• # question_answer Two mutually perpendicular infinitely long lines of charge having charge per unit length as ${{\lambda }_{1}}$ and ${{\lambda }_{2}}$ are located in air at a distance "a" from each other.
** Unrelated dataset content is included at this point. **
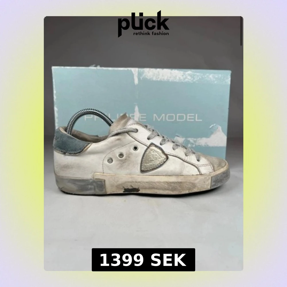 Snygga vita sneakers från Philippe Model med grå detaljer och silverfärgad skinnpatch på sidan. Skorna har klassisk låg profil, rund tå och snörning. Ovandelen är i skinn och mocka, med slitna detaljer för en cool, urban look. Perfekta för dig som gillar streetstyle. Skriv om ni har frågor eller funderingar!😊

The force of interaction between them is - A) $\frac{{{\lambda }_{1}}{{\lambda }_{2}}}{4{{\in }_{0}}\pi a}$                       B) $\frac{{{\lambda }_{1}}{{\lambda }_{2}}}{\pi a{{\in }_{0}}}$ C) $\frac{{{\lambda }_{1}}{{\lambda }_{2}}}{2{{\in }_{0}}\pi a}$           D) $\frac{{{\lambda }_{1}}{{\lambda }_{2}}}{3\pi a{{\in }_{0}}}$

[C]  Consider an element of thickness dy at distance y Charge on element $=dq={{\lambda }_{1}}dy$ E at the position of element = E Force on element $=dF=dqE$ $E=\frac{{{\lambda }_{2}}}{2\pi {{\in }_{0}}r}=\frac{{{\lambda }_{2}}}{2\pi {{\in }_{0}}\sqrt{{{a}^{2}}+{{y}^{2}}}}$           $dF=\frac{{{\lambda }_{2}}\,\,\times \,\,{{\lambda }_{1}}}{2\pi {{\in }_{0}}\sqrt{{{a}^{2}}+{{y}^{2}}}}.dy$
 Taking component of dF in x and y direction By symmetry y component get cancel out $d{{F}_{x}}=dF\cos \theta$ Where $\cos \theta =\frac{a}{\sqrt{{{a}^{2}}+{{y}^{2}}}}$ and ${{F}_{x}}=\int\limits_{-\infty }^{+\infty }{d{{F}_{x}}}$ ${{F}_{net}}$ is in direction of a-axis $\therefore {{F}_{net}}={{F}_{x}}$ ${{F}_{x}}=\int\limits_{-\infty }^{+\infty }{\frac{{{\lambda }_{1}}{{\lambda }_{2}}a}{2\pi {{\in }_{0}}({{a}^{2}}+{{y}^{2}})}dy}$$\Rightarrow \frac{{{\lambda }_{1}}{{\lambda }_{2}}}{2\pi {{\in }_{0}}a}$